Governments need money to function, and hence they collect taxes. Mostly, the taxes aren't enough because they always plan to spend more than they can gain from taxations. Also, taxes are unpopular, who'd risk that in case of a re-election campaign coming up?

So they then go to their friends, an independent institution called the Federal Reserve Bank (Fed), the only organization permitted to print the coveted '$' US Dollar. The Fed prints money (basically from thin air) and loans it to the government, who in turn uses it for spending.

It would still be acceptable if this was the only issue, but what some governments essentially do is that whenever they face an economic crisis they increase the inflow of money into the markets to stimulate it and maintain popularity.

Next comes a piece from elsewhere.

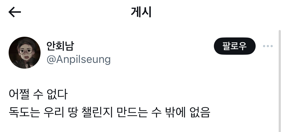 [기타]독도챌린지 시작한 네티즌 X(트위터) 계정 정지 당함.twt 작성자귤토끼이|작성시간23.11.10|조회수28,705 목록 댓글 193 글자크기 작게가 글자크기 크게가 출처 : https://theqoo.net/square/2996086610 이 글로 시작된 챌린지였음 다음검색 현재 게시글 추가 기능 열기 북마크 공유하기 신고 센터로 신고 댓글 댓글 193 댓글쓰기 답글쓰기 댓글 리스트 작성자디스코그 | 작성시간 23.11.11 엥? 작성자칷칷칷칷 | 작성시간 23.11.11 헐 미틴 작성자걸스데이 | 작성시간 23.11.11 아헐 작성자둠피캐삭해라 | 작성시간 23.11.12 헐.... 작성자牟智慧 | 작성시간 23.11.12 엥 ㅋㅋㅋ? 댓글 전체보기

They increase the money supply in a manner that does not match economic growth, and this sudden excess cash is what leads to the Devaluation of Currency.


Why are they allowed to do so?

Up until, 1971 the FED could only print money in correspondence with the amount of gold they had in reserve. So each US Dollar was backed to a certain quantity of gold and it was a promise that the possession of a currency note could be traded for that equivalent gold.

In, 1971 President Nixon signed an order that abolished this law, to fight the then ongoing economic crisis by introducing 'controlled inflation'. This essentially made the US Dollar a free-floating currency and gave the FED a license to print.


How Does It affect Your Life?

Lowers Living Standards

The goods you buy are rising in prices, if your income growth doesn't match it then you'll soon have to start compromising on your purchases.

Retirement Plans

If the rate of inflation pushes higher and your savings account does not match that from its growth rate offerings, your estimated safe fund for retirement will turn out to be less than what was required.

Debt

As inflation rates increase so does the borrowing rate at banks. It becomes more difficult to take a loan and if you have an existing loan with variable interest, inflation will increase your monthly payment amount.

Real Estate

If you are in the market to buy a house, you'll notice that those prices will shoot up with inflation and become less affordable.


Why Should I Care NOW?

As explained in the Money Supply section, every time there's more money in the market than the economic output, inflation occurs.

Now, imagine, what follows when almost 1 in every 5 US Dollars was printed in a single year. That is an absurdly huge amount of money considering the fact that the GDP did not match this growth in any context. The FED says that the ongoing inflation is transitory and will ease out eventually but all the indicators and news say otherwise.

Prices of commodities like coffee and lumber are through the roof, gas prices are off the charts and the real estate market shows no sign of saturation.

It is time to be more aware of inflation as an issue and be active with your monetary decisions rather than passive.

How Can You be Smarter against Inflation?

(Not Investment Advice, Suggestions Only)

Combined with your passive investments and savings accounts, try to Invest in active asset classes such as - growth stocks or dividend paying equities.

If you're in for the long run, consider investing in commodities like gold which have been proven to hold value across centuries.

Exposure to real estate. Owning a property that can generate positive cash flow can generate returns higher than the inflation rate.

Be smart with your purchasing decisions, a few compromises in luxury goods or not-so-essential products can help in redirecting that money to a growing asset.